Source data —

————

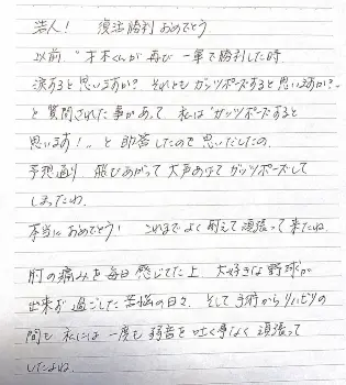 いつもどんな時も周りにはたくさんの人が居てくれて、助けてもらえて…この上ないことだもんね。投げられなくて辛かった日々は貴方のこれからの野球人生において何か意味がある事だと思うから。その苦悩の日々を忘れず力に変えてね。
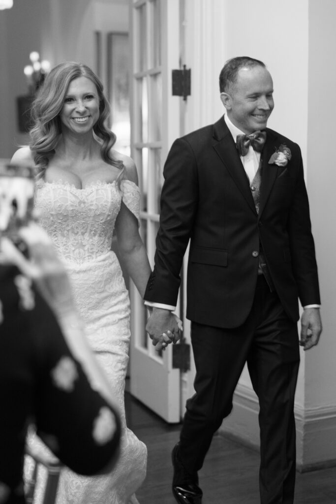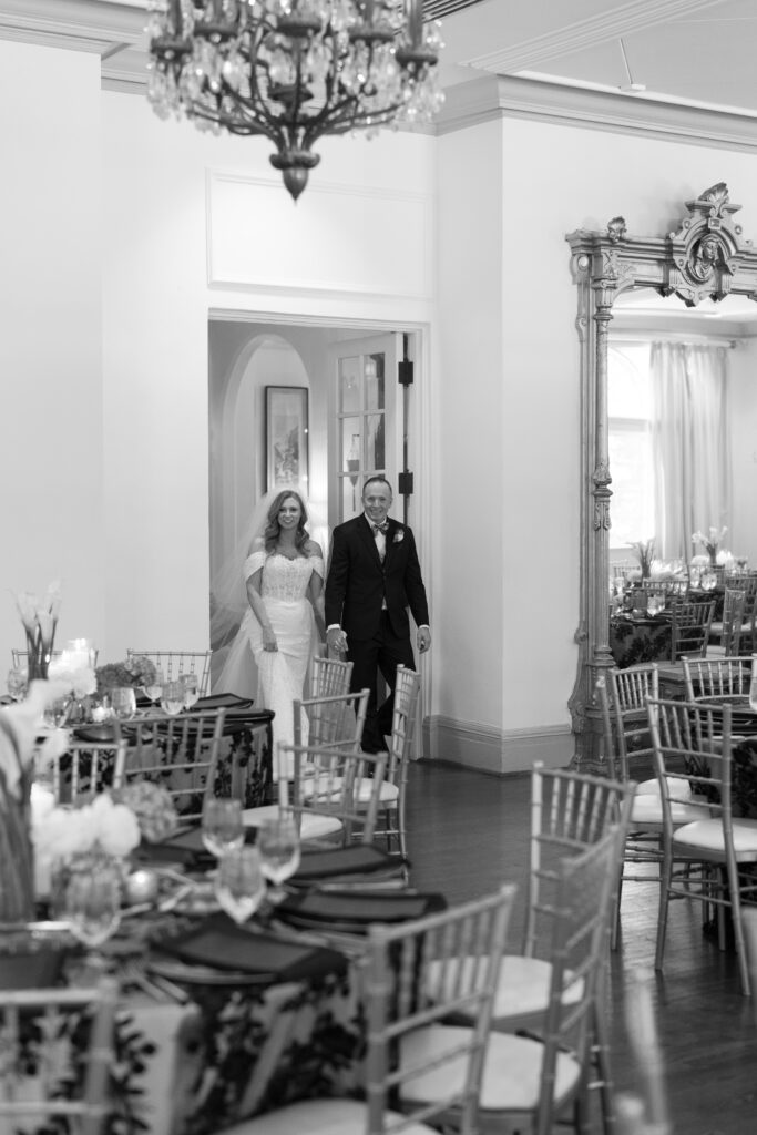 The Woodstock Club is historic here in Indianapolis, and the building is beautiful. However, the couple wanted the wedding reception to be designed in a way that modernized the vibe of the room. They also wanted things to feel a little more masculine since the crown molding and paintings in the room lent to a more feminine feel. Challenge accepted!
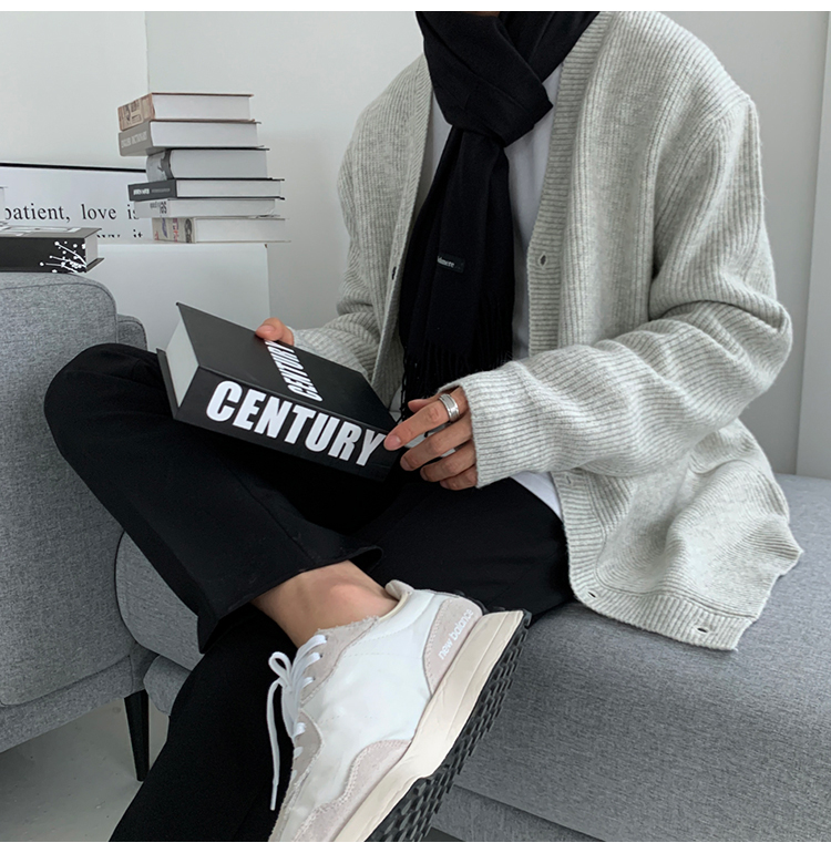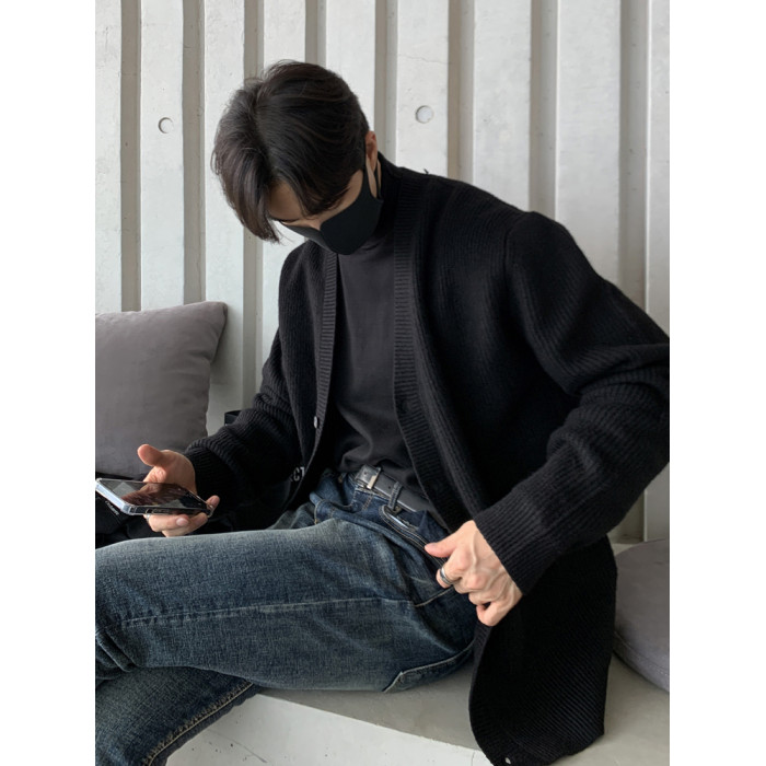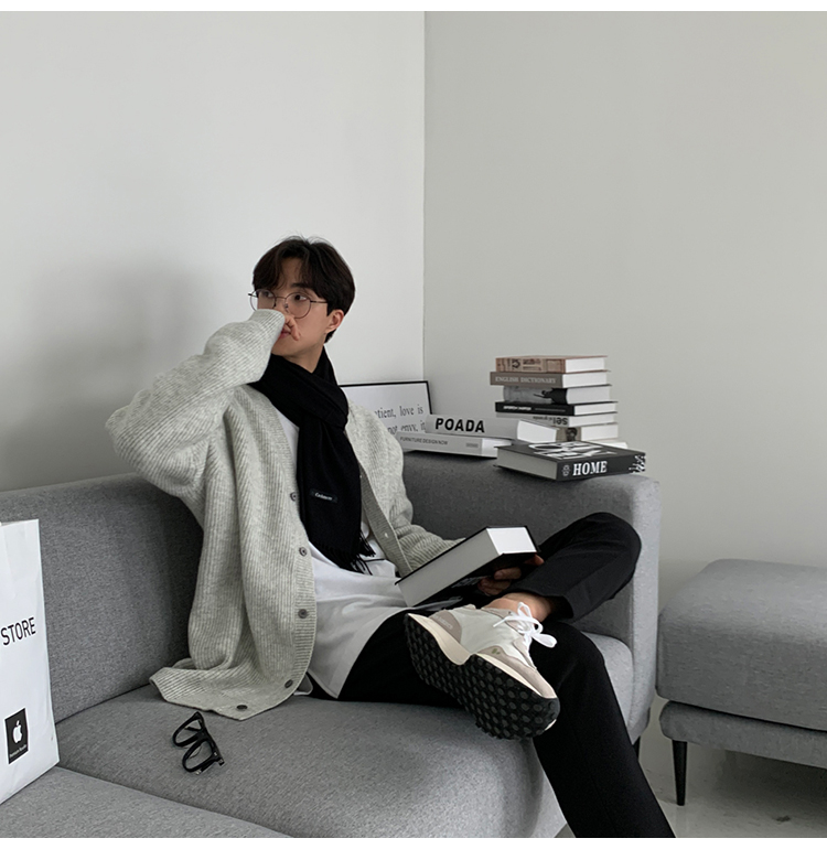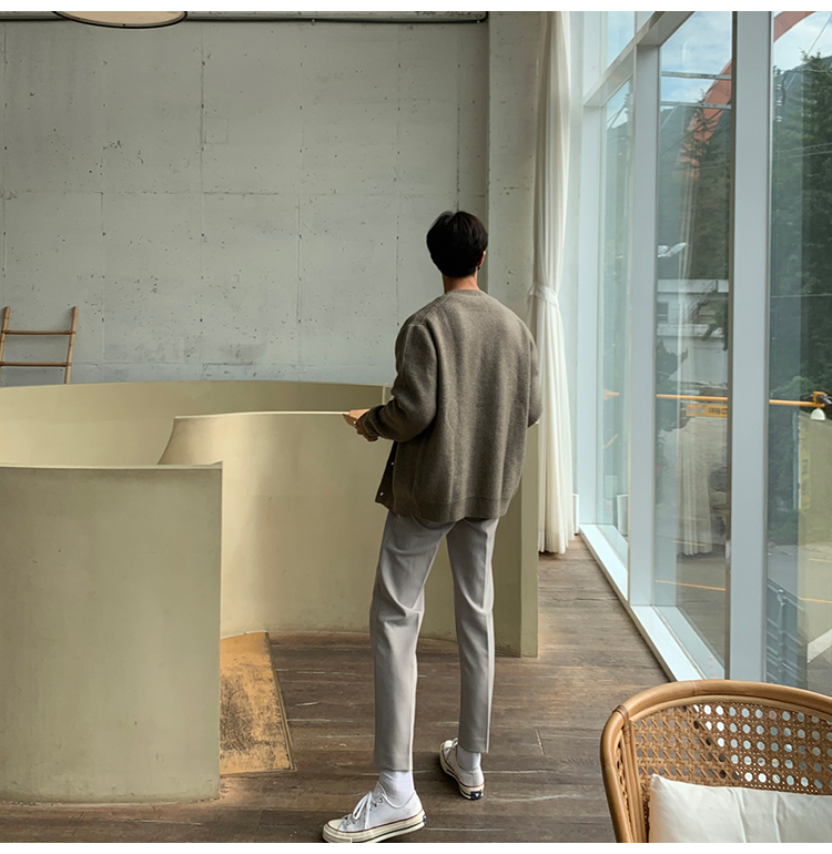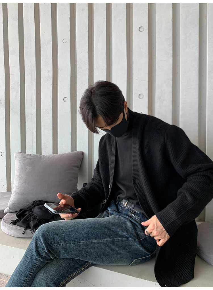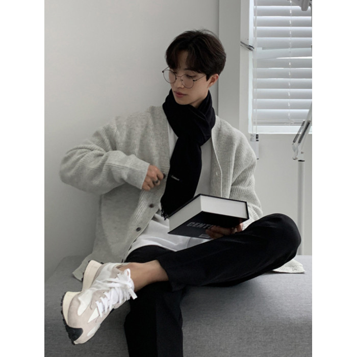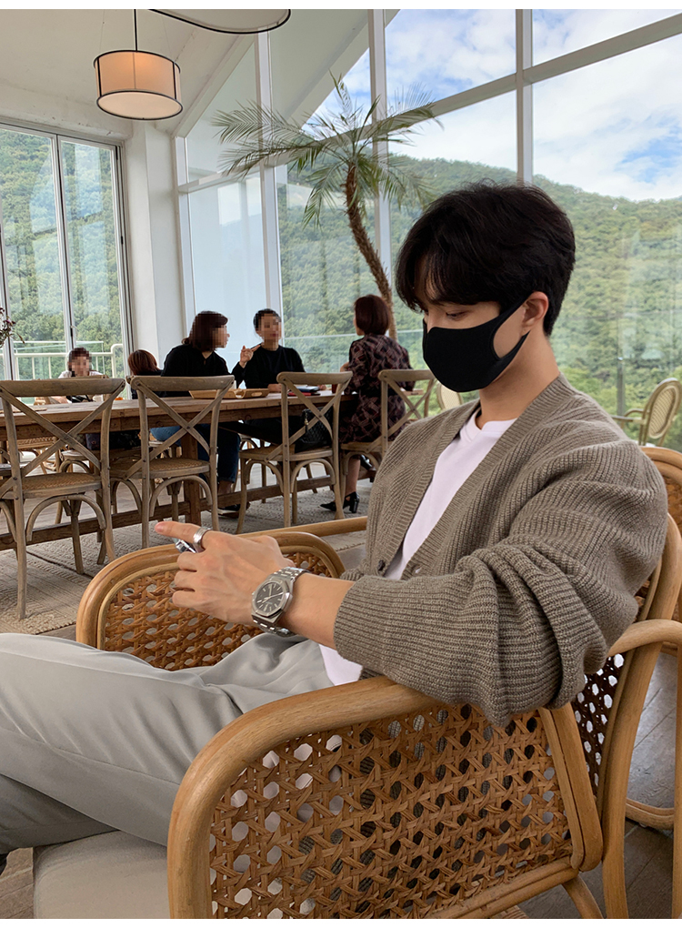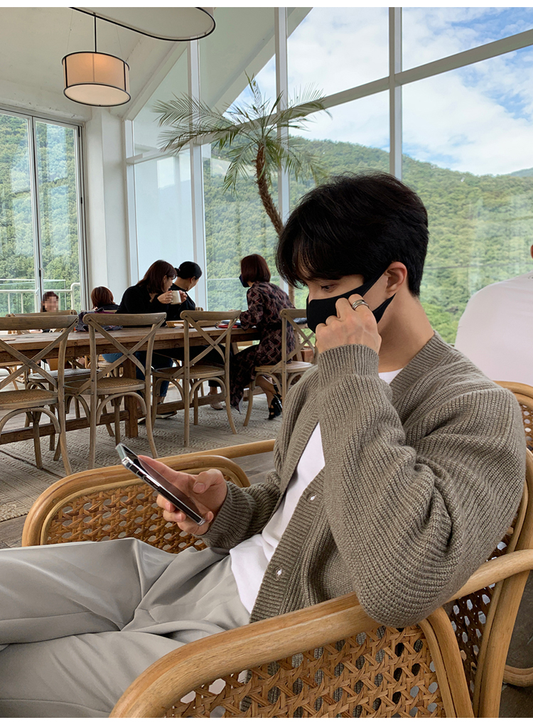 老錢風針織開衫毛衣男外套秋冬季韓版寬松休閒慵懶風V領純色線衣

————

How to complete this task — Would you write out all of the data exactly as it stands, without the pictures?

Completed task —
 いつもどんな時も周りにはたくさんの人が居てくれて、助けてもらえて…この上ないことだもんね。投げられなくて辛かった日々は貴方のこれからの野球人生において何か意味がある事だと思うから。その苦悩の日々を忘れず力に変えてね。
 The Woodstock Club is historic here in Indianapolis, and the building is beautiful. However, the couple wanted the wedding reception to be designed in a way that modernized the vibe of the room. They also wanted things to feel a little more masculine since the crown molding and paintings in the room lent to a more feminine feel. Challenge accepted!
 老錢風針織開衫毛衣男外套秋冬季韓版寬松休閒慵懶風V領純色線衣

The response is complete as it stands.